• _Exercise objective_
For each entry, repeat the text exactly and omit any picture it holds.

• _Material provided_
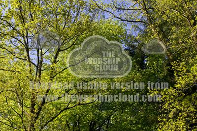 A mixed bunch of trees full of freshly opened leaves on a fine Spring day at the Ladybower reservoirs
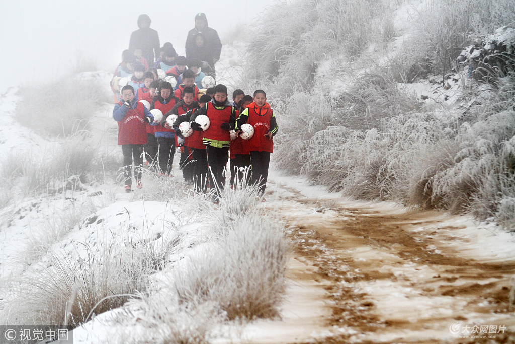 大山之巔的中連川小學,位于中國黃土高原的蘭州市榆中山區。即便學校地處海拔2300米,常年干旱少雨,自然條件惡劣,每年11月過后,北山氣溫最低低至20度,但是孩子們仍然堅持冒雪集訓,“走出大山,以后代表中國隊參加比賽”是他們的夢想。這個山里娃足球隊2017年8月代表甘肅省參加全國U11冠軍杯賽。第一次參加全國性比賽的山里孩子們,常常面對比自己高出一頭的城里孩子,但他們絲毫不膽怯。來自西北大山里的孩子們“一鳴驚人”,在U11年齡組的比賽中獲第7名。
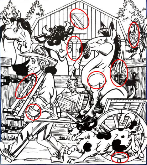 In this picture find: apple, hammer, flashlight, spoon, scissors, mushroom, sailboat, teacup.
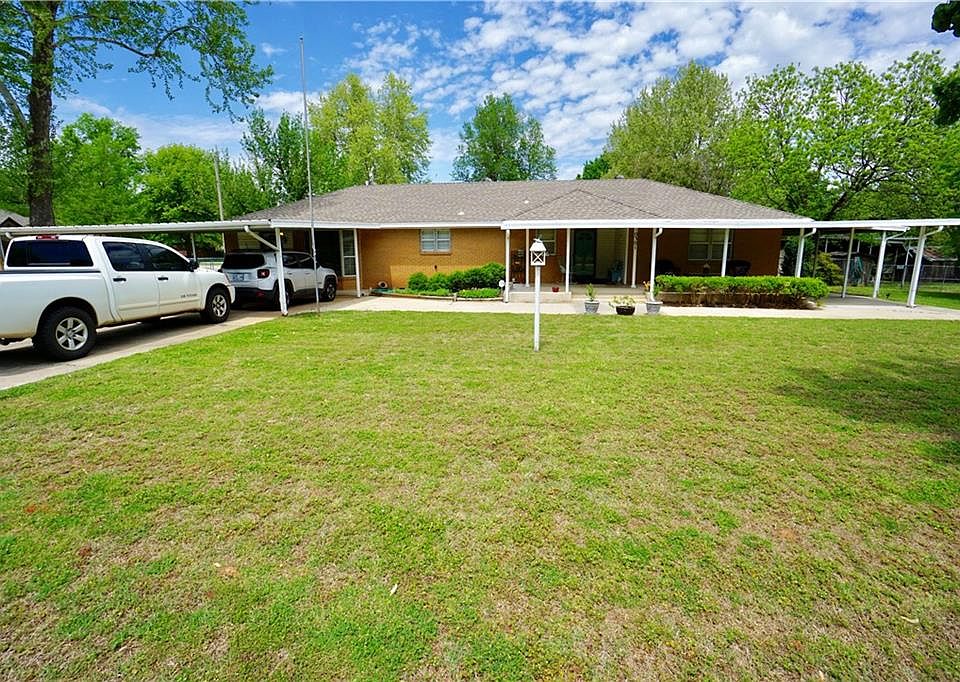 Very nice brick home on 1.14 acres on a corner. Fenced and cross fenced. Storm shelter. Home has vinyl siding, nice oversized two car carport and porch. Added porch on the side. Home has open kitchen with island. Huge living area
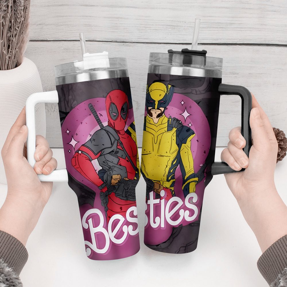 Deadpool Wolverine Movies Custom Stanley Quencher 40Oz Stainless Steel Tumbler With Handle
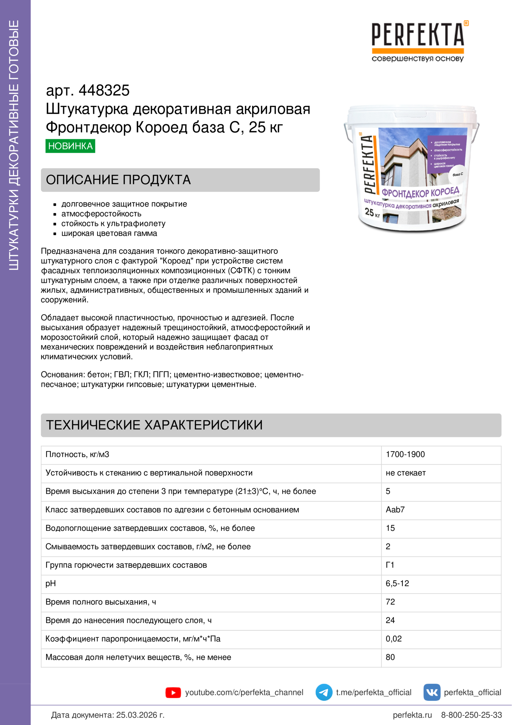 Обладает высокой пластичностью, прочностью и адгезией. После высыхания образует надежный трещиностойкий, атмосферостойкий и морозостойкий слой, который надежно защищает фасад от механических повреждений и воздействия неблагоприятных климатических условий.
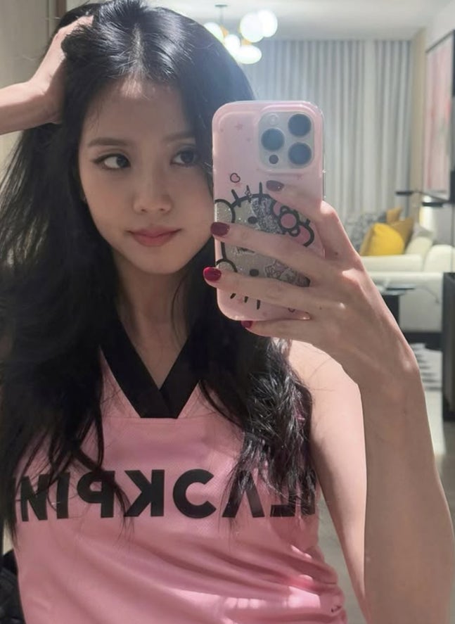 /사진=지수SNS공개된 사진 속 지수는 로제와 셀카를 찍으며 다정한 케미를 뽐냈다. 특히 로제는 지수 뒤에서 입을 벌리고 초점을 잃은 듯한 귀여운 포즈를 취해 팬들을 미소 짓게 했다. 제니와는 무대 의상을 입은 채 공연 직전 찍은 듯한 사진에서 똑같이 뛰는 포즈로 발랄한 분위기를 연출했다.또 대기실에서 찍은 리사와의 사진에서는 리사가 지수의 머리를 깨물 듯한 익살스러운 포즈를 취했고, 지수는 새침한 브이 포즈로 웃음을 자아냈다. 이 외에도 헬로키티 휴대폰 케이스를 든 채 분홍색 옷을 입은 거울 셀카, 더위를 식히듯 빨대로 냉수를 마시는 모습 등 다양한 매력이 담겼다.
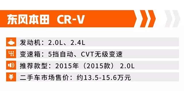 选购建议:这里给大家推荐的是2015年(2015款) 2.0L 车型。2015款CR-V分为2.0L和2.4L,并且有两驱和四驱车型可选。如果是日常家用,那2.0L两驱车型已经足够了。目前2015年的CR-V 2.0L两驱自动挡车型市场价普遍在14.0-15.5万元左右。
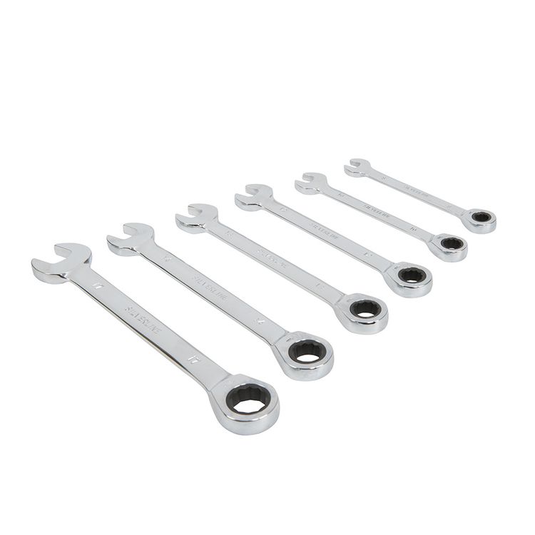 Hardened and tempered chrome vanadium metric spanners with mirror-polished finish. Chrome plated for corrosion resistance. 5° ratchet action. Provides easy access in tight spaces. Includes 8, 10, 12, 13, 14 and 17mm spanners in tough nylon storage roll.
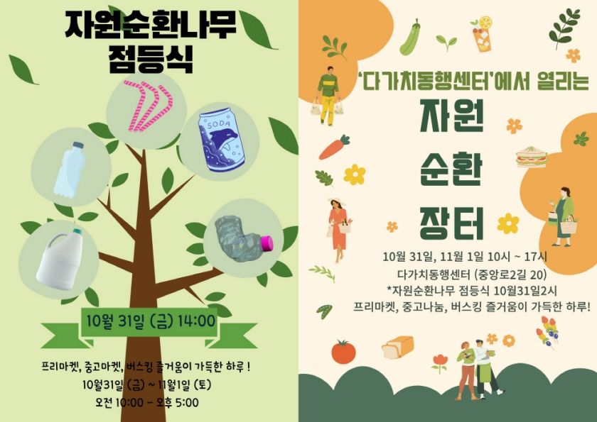 옥천군이 오는 10월 31일부터 11월 1일까지 2일간 다가치동행센터에서‘자원순환나무 점등식’과 ‘자원순환장터’를 개최한다. 이번 행사는 군민이 생활 속에서 자원순환을 직접 실천할 수 있는 기회를 마련하기 위해 추진 됐다.
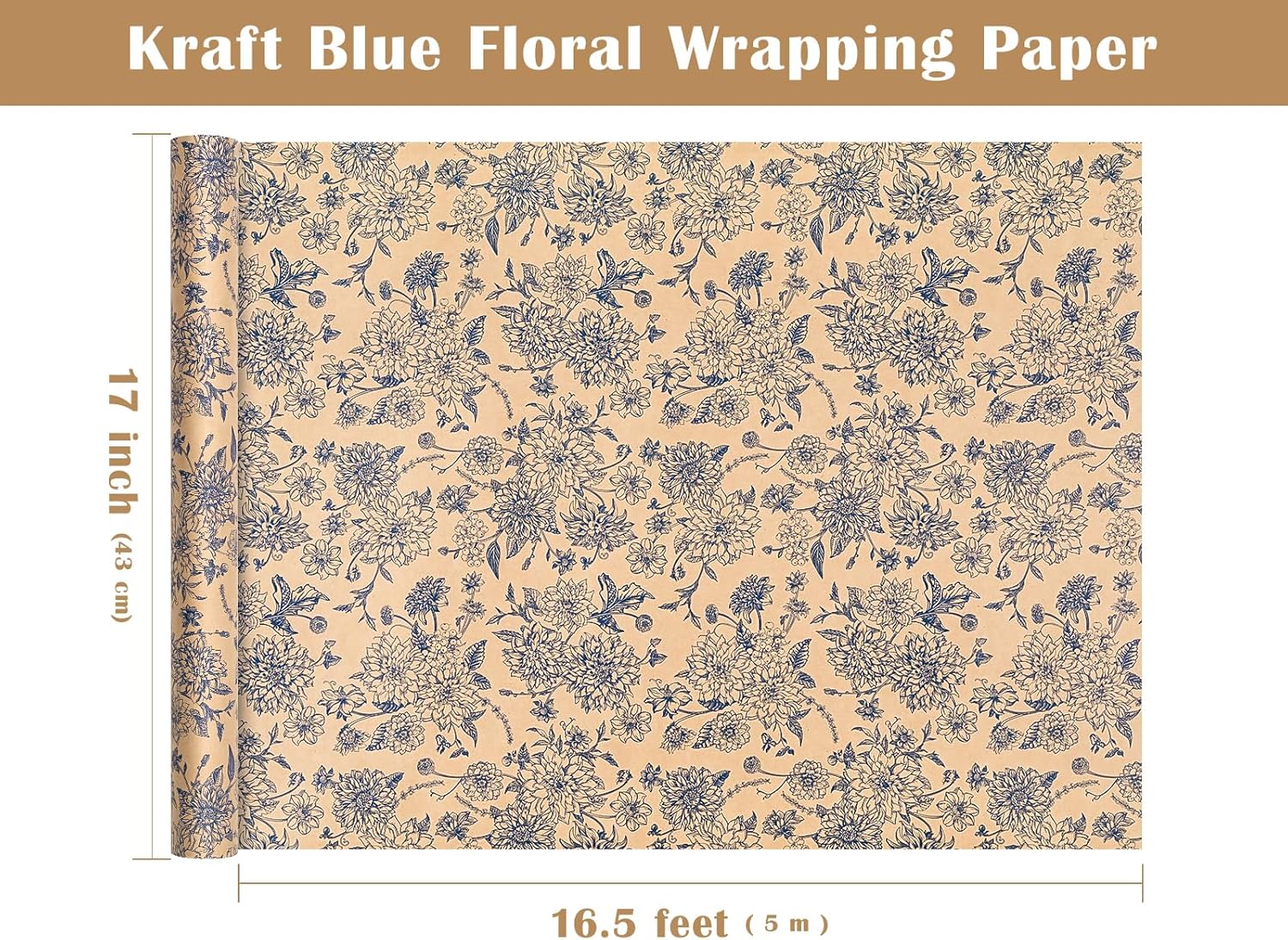 WRAPAHOLIC Kraft Blue Floral Wrapping Paper - Mini Roll - 17 Inch x 16.5 Feet - Vintage Blue Toile De Jouy Flower Wrapping Paper Perfect for Wedding, Birthday, Bridal Shower, Tea Party

• _Answer box_
 A mixed bunch of trees full of freshly opened leaves on a fine Spring day at the Ladybower reservoirs
 大山之巔的中連川小學,位于中國黃土高原的蘭州市榆中山區。即便學校地處海拔2300米,常年干旱少雨,自然條件惡劣,每年11月過后,北山氣溫最低低至20度,但是孩子們仍然堅持冒雪集訓,“走出大山,以后代表中國隊參加比賽”是他們的夢想。這個山里娃足球隊2017年8月代表甘肅省參加全國U11冠軍杯賽。第一次參加全國性比賽的山里孩子們,常常面對比自己高出一頭的城里孩子,但他們絲毫不膽怯。來自西北大山里的孩子們“一鳴驚人”,在U11年齡組的比賽中獲第7名。
 In this picture find: apple, hammer, flashlight, spoon, scissors, mushroom, sailboat, teacup.
 Very nice brick home on 1.14 acres on a corner. Fenced and cross fenced. Storm shelter. Home has vinyl siding, nice oversized two car carport and porch. Added porch on the side. Home has open kitchen with island. Huge living area
 Deadpool Wolverine Movies Custom Stanley Quencher 40Oz Stainless Steel Tumbler With Handle
 Обладает высокой пластичностью, прочностью и адгезией. После высыхания образует надежный трещиностойкий, атмосферостойкий и морозостойкий слой, который надежно защищает фасад от механических повреждений и воздействия неблагоприятных климатических условий.
 /사진=지수SNS공개된 사진 속 지수는 로제와 셀카를 찍으며 다정한 케미를 뽐냈다. 특히 로제는 지수 뒤에서 입을 벌리고 초점을 잃은 듯한 귀여운 포즈를 취해 팬들을 미소 짓게 했다. 제니와는 무대 의상을 입은 채 공연 직전 찍은 듯한 사진에서 똑같이 뛰는 포즈로 발랄한 분위기를 연출했다.또 대기실에서 찍은 리사와의 사진에서는 리사가 지수의 머리를 깨물 듯한 익살스러운 포즈를 취했고, 지수는 새침한 브이 포즈로 웃음을 자아냈다. 이 외에도 헬로키티 휴대폰 케이스를 든 채 분홍색 옷을 입은 거울 셀카, 더위를 식히듯 빨대로 냉수를 마시는 모습 등 다양한 매력이 담겼다.
 选购建议:这里给大家推荐的是2015年(2015款) 2.0L 车型。2015款CR-V分为2.0L和2.4L,并且有两驱和四驱车型可选。如果是日常家用,那2.0L两驱车型已经足够了。目前2015年的CR-V 2.0L两驱自动挡车型市场价普遍在14.0-15.5万元左右。
 Hardened and tempered chrome vanadium metric spanners with mirror-polished finish. Chrome plated for corrosion resistance. 5° ratchet action. Provides easy access in tight spaces. Includes 8, 10, 12, 13, 14 and 17mm spanners in tough nylon storage roll.
 옥천군이 오는 10월 31일부터 11월 1일까지 2일간 다가치동행센터에서‘자원순환나무 점등식’과 ‘자원순환장터’를 개최한다. 이번 행사는 군민이 생활 속에서 자원순환을 직접 실천할 수 있는 기회를 마련하기 위해 추진 됐다.
 WRAPAHOLIC Kraft Blue Floral Wrapping Paper - Mini Roll - 17 Inch x 16.5 Feet - Vintage Blue Toile De Jouy Flower Wrapping Paper Perfect for Wedding, Birthday, Bridal Shower, Tea Party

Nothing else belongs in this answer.